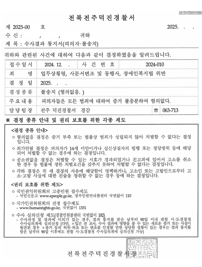 형사 수사기관 불송치받은 사안(업무상횡령, 사문서변조 및 동행사, 장애인복지법 위반)
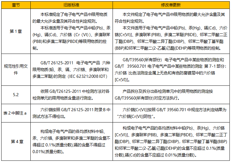 將原有的測試方法標準GB/T 26125-2011更新為GB/T 39560(所有部分)電子電氣產品中某些物質的測定。
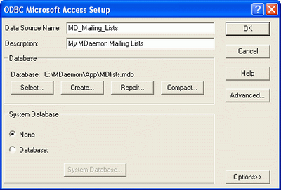 | 6. | Click Finish to display the driver-specific setup dialog. The appearance of this dialog will vary based on which driver you have selected (Microsoft Access Setup dialog shown below). |
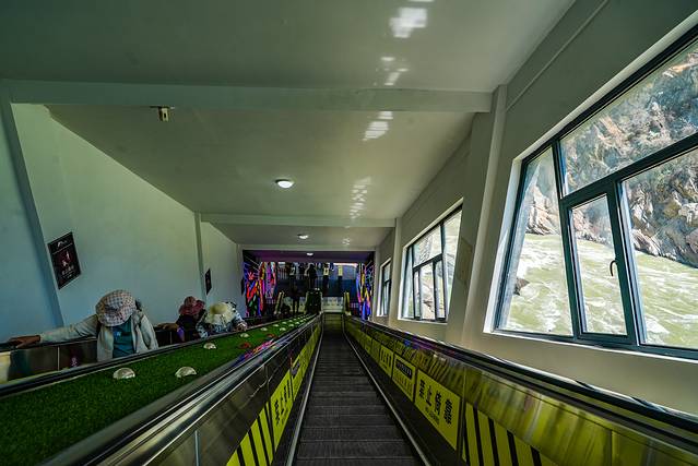 随后前往上虎跳,抵达景区后我选择了一条省力路线——扶梯直接下到景区徒步。
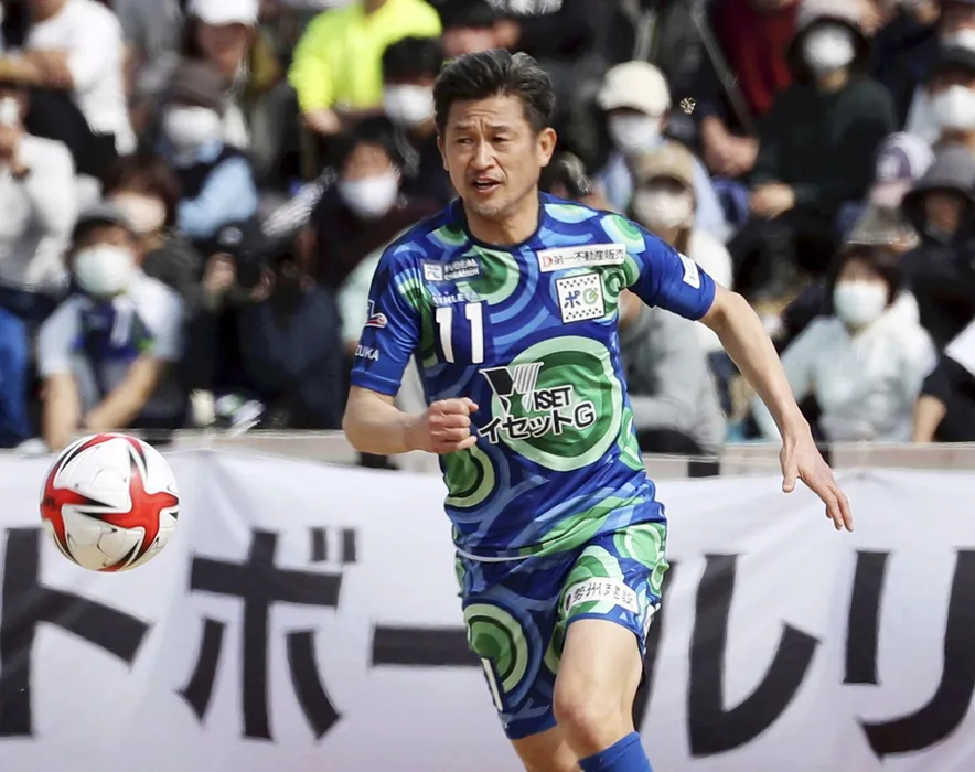 FILE: Kazuyoshi Miura, Japanese footballer who belongs to Suzuka Point Getters of Japan Football League (JFL), takes part in the JFL match against Aomori at Yokkaichi City Chuo Ryokuchi Field in Yokkaichi, Mie Prefecture on March 13, 2022. Miura announced that he will transfer to Liga Portugal 2 União Desportiva Oliveirense (UDO) with a limited term. The transfer period is until this summer, and the uniform number is scheduled to be "11". 55-year-old King Kazu played for the Japan national team from 1990 to 2000, and holds the records for being the oldest goal scorer in the J-League, the footballer with the world's longest professional career, and, as of 2022, is the oldest professional footballer in the world at 55.,Image: 753589511, License: Rights-managed, Restrictions: This content is intended for editorial use only. For other uses, additional clearances may be required.
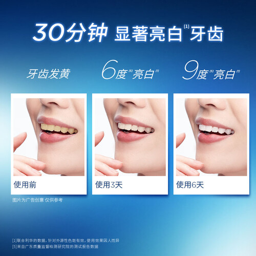 添加了进口CP精华,并以3D浸透式深入牙缝,包裹牙齿,多方位亮白牙齿。具有密集亮白效果,30分钟即可有效果。
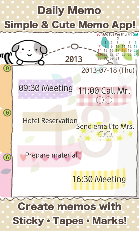 Simple & cute! Create memos with sticky, tapes and marks!

──────────

Output the material verbatim, skipping the images.

§ SOLUTION TO THE EXERCISE
 형사 수사기관 불송치받은 사안(업무상횡령, 사문서변조 및 동행사, 장애인복지법 위반)
 將原有的測試方法標準GB/T 26125-2011更新為GB/T 39560(所有部分)電子電氣產品中某些物質的測定。
 | 6. | Click Finish to display the driver-specific setup dialog. The appearance of this dialog will vary based on which driver you have selected (Microsoft Access Setup dialog shown below). |
 随后前往上虎跳,抵达景区后我选择了一条省力路线——扶梯直接下到景区徒步。
 FILE: Kazuyoshi Miura, Japanese footballer who belongs to Suzuka Point Getters of Japan Football League (JFL), takes part in the JFL match against Aomori at Yokkaichi City Chuo Ryokuchi Field in Yokkaichi, Mie Prefecture on March 13, 2022. Miura announced that he will transfer to Liga Portugal 2 União Desportiva Oliveirense (UDO) with a limited term. The transfer period is until this summer, and the uniform number is scheduled to be "11". 55-year-old King Kazu played for the Japan national team from 1990 to 2000, and holds the records for being the oldest goal scorer in the J-League, the footballer with the world's longest professional career, and, as of 2022, is the oldest professional footballer in the world at 55.,Image: 753589511, License: Rights-managed, Restrictions: This content is intended for editorial use only. For other uses, additional clearances may be required.
 添加了进口CP精华,并以3D浸透式深入牙缝,包裹牙齿,多方位亮白牙齿。具有密集亮白效果,30分钟即可有效果。
 Simple & cute! Create memos with sticky, tapes and marks!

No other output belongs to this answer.